··· DATA PROVIDED

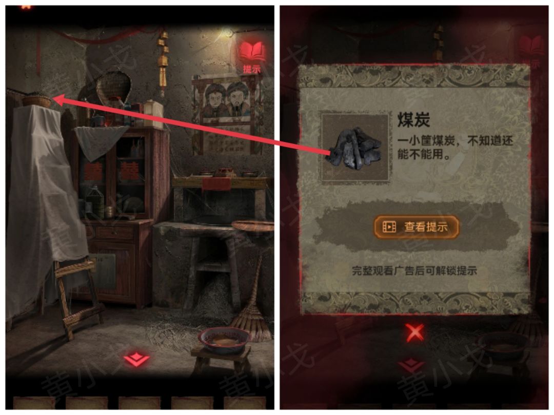 2.点击拾取木梯上的【煤炭】
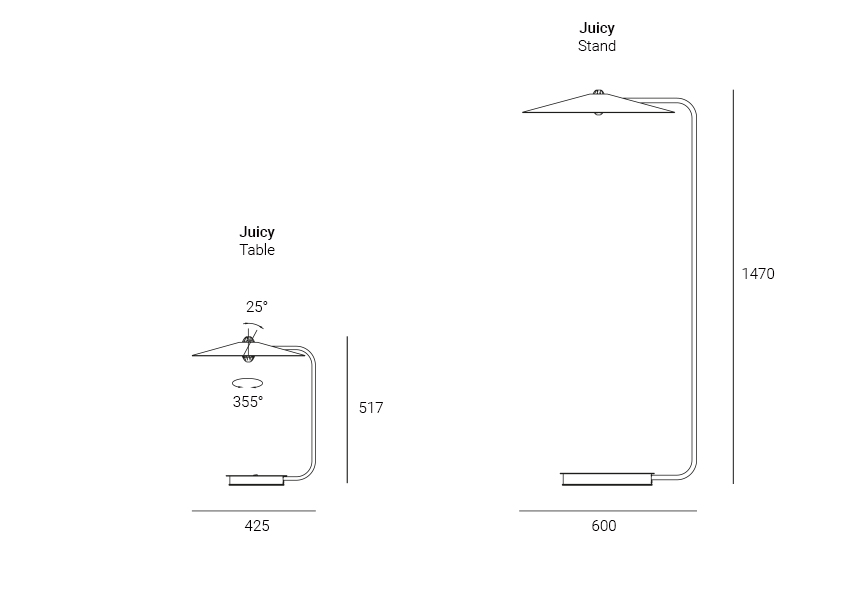 Lampa podłogowa nawiązuje kształtem do klasycznych rozwiązań. Smukła noga oraz minimalistyczny, stożkowaty klosz skontrastowany jest jednak z organiczną formą źródła światła Juicy. Powstały produkt jest świeży i nieoczywisty, wpisujący się we wnętrza bardziej klasyczne oraz współczesne.
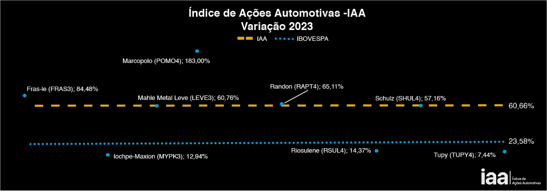 O bom desempenho das ações automotivas negociadas na Bolsa de Valores de São Paulo levou o IAA a encerrar 2023 com variação positiva de 60,66%, superando o Ibovespa que registrou 23,58% ao término do ano.

······

**YOUR OBJECTIVE**
The whole listing above should be restated word for word, minus any images.

**RESPONSE**
 2.点击拾取木梯上的【煤炭】
 Lampa podłogowa nawiązuje kształtem do klasycznych rozwiązań. Smukła noga oraz minimalistyczny, stożkowaty klosz skontrastowany jest jednak z organiczną formą źródła światła Juicy. Powstały produkt jest świeży i nieoczywisty, wpisujący się we wnętrza bardziej klasyczne oraz współczesne.
 O bom desempenho das ações automotivas negociadas na Bolsa de Valores de São Paulo levou o IAA a encerrar 2023 com variação positiva de 60,66%, superando o Ibovespa que registrou 23,58% ao término do ano.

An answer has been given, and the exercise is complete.